If there is one thing that annoys me, it's when films (more than TV series) don't exactly obey the plot of the book. I get they can't put everything in...I'm talking about when they change the ending of the book or cut the ending off of a story because it isn't exactly happily ever after...just makes me, grrrr.

----------


## L

It annoys me to but they are only based on books really.

----------


## metamorphosis

"Into The Wild" was pretty true to form. I read the book and have seen the movie

----------


## TheCARS1979

> If there is one thing that annoys me, it's when films (more than TV series) don't exactly obey the plot of the book. I get they can't put everything in...I'm talking about when they change the ending of the book or cut the ending off of a story because it isn't exactly happily ever after...just makes me, grrrr.





Ths Shining from 1980 didn't follow the book either , and Stephen King hated it cause Stanley Kubrick cut  out his hornets nest and instead created a hedge maze and also cut out his imaginary hedge animals. The maze was more interesting anyway. When it came out it was the greatest epic horror film, to this day it gives people the creeps, Jack Nicholson's performance he did in th e movie was considered one of his best. No other actor in Hollywood couldve done it like him. Its one of my favorite movies of all time. the line Here s Johnny was made popular after Jack put  the big ax went through the bathroom door. Stephen King tried to reinvent his own in 1997 and I think it shouldve been left well enough alone.

----------


## Misssy

When there are hot actors in the movies that is always nice though.. "cold mountain"...  ::):

----------


## VickieKitties

Half of the movies they even make anymore are based on comic books, which is fine by me.  ::):

----------


## SmileyFace

Totally agree. I mean, I'm gonna be honest here -- I _do_ enjoy the movies very much, whether or not they leave something out; it's just for entertainment purposes. But of course, on the other hand, it does irk me when they leave certain (important) things out that just somewhat throws the 'movie's plot' off a bit.
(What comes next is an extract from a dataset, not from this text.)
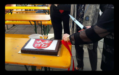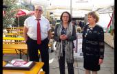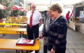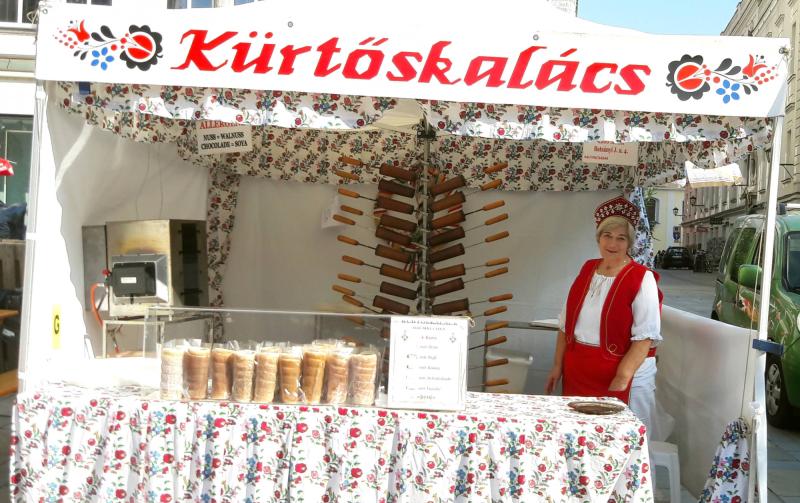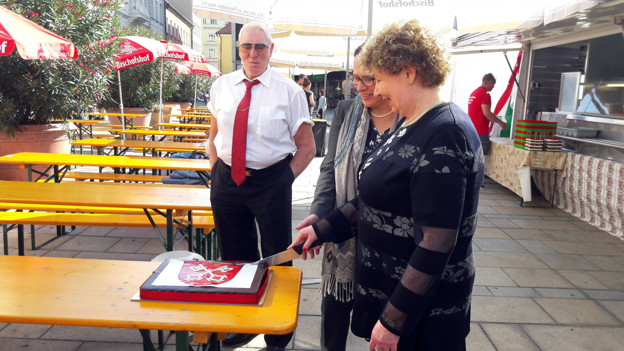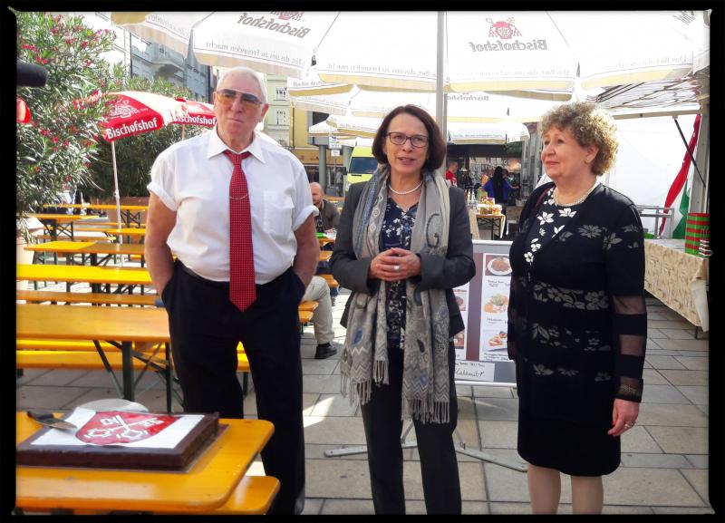 A megnyitóra 11 órakor került sor. A szorgoskodó Rét Ivánné Beatrixot és színes csapatát Gertrud Maltz-Schwarzfischer polgármesterasszony köszöntötte, hangsúlyozva, mennyire örül a magyar-német együttműködés effajta megvalósításának, illetve a pezsgő magyar életnek Regensburgban. Nemcsak a Duna az, ami a két népet összeköti – mondta -, hanem a közös evés és ivás is. Amire egyébként szintén lehetőség volt, hiszen igazi magyar konyha és pincészet is érkezett a vándorló piaccal. A helyiek magyar ételeket és italokat, savanyúságokat kóstolhattak. És miután a polgármesterasszony megtartotta köszöntőbeszédét, a magyar-német küldöttség együtt vágta fel a Stadt Regensburg jelképpel ellátott tortát. Ezzel megkezdődhetett az idei őszi magyar piac Regensburgban.

As for those movies based on comic books, I don't read comic books and I'm not too familiar with plots and all that, so if they've left stuff out in movies, obviously I'm not gonna notice hahaha... plus, some of them have been fairly good films as well imo, so... that's just me.

----------


## FireIsTheCleanser

This has gotten me thinking about the terrible movie that is Cirque du Freak: The Vampires' Assistant. Most of the movies based on books I've read were based off comic books but this was based off the Saga of Darren Shan, one of my favorite book series. That movie was so wacked out. They mixed up elements from like 3 books and they weren't chronological (as in, they didn't just make one movie out of the first three books, they jumped around). So dumb. It just pisses me off. [BEEP] John C. Reilly. [BEEP] Will Ferrell too. He had nothing to do with the movie but he looks like Reilly and I hate the movies he makes too.

----------


## Cuchculan

Child 44 was another that cut out a very important part of the book. In the book the killer was his brother. They got split up as kids as the main cop in the film was kidnapped. But in the film they had the killer as somebody he knew from an orphanage were they both were as kids. Film would have made for a better plot if they had of left it alone and gone with the killer been his brother.

----------